▸ **Task directions**:
Could you output exactly the lines running from the one containing "Beachten Sie im" to the final line of the listing below, leaving out pictures?

▸ **Supplied material**:
# # # #

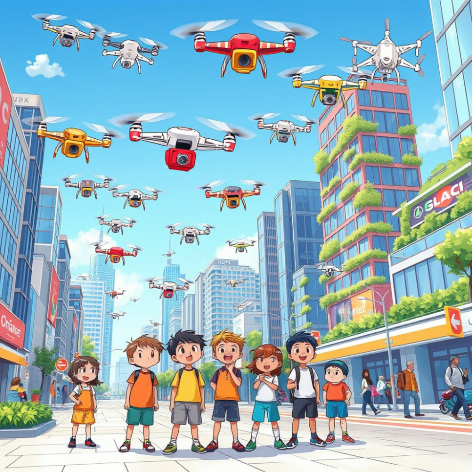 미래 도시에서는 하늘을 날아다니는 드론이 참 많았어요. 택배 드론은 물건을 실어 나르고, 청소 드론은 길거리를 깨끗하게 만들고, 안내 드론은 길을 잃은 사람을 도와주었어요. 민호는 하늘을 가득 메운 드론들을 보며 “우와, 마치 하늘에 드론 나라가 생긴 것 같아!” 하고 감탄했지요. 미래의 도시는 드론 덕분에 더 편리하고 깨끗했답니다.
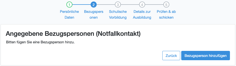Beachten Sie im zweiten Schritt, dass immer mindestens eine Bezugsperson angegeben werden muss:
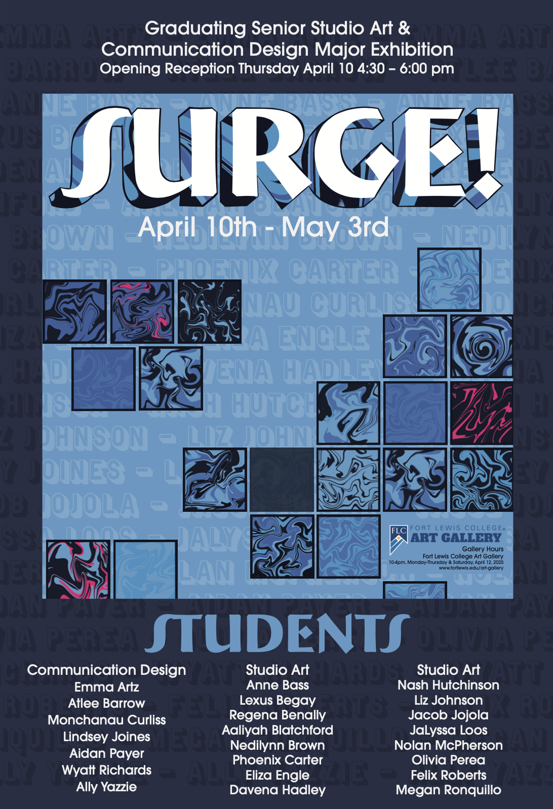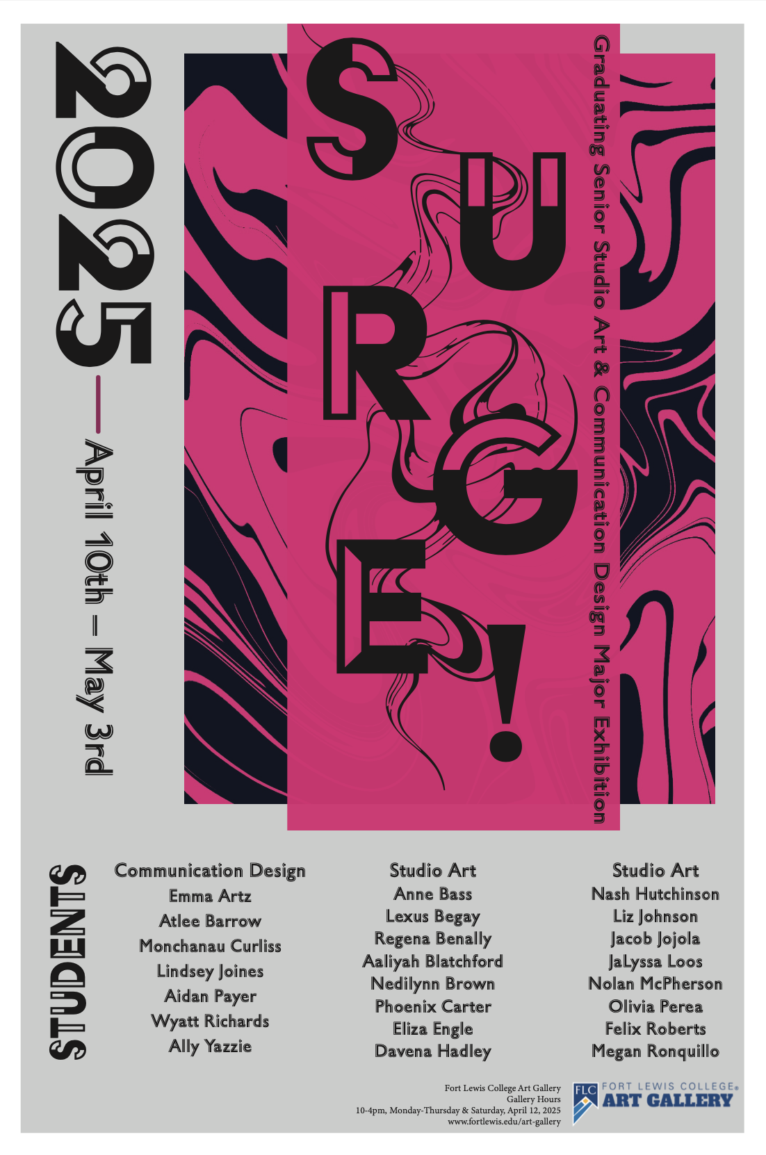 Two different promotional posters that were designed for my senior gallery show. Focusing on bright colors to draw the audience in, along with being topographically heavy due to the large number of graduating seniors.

# # # #

▸ **Expected answer**:
Beachten Sie im zweiten Schritt, dass immer mindestens eine Bezugsperson angegeben werden muss:
 Two different promotional posters that were designed for my senior gallery show. Focusing on bright colors to draw the audience in, along with being topographically heavy due to the large number of graduating seniors.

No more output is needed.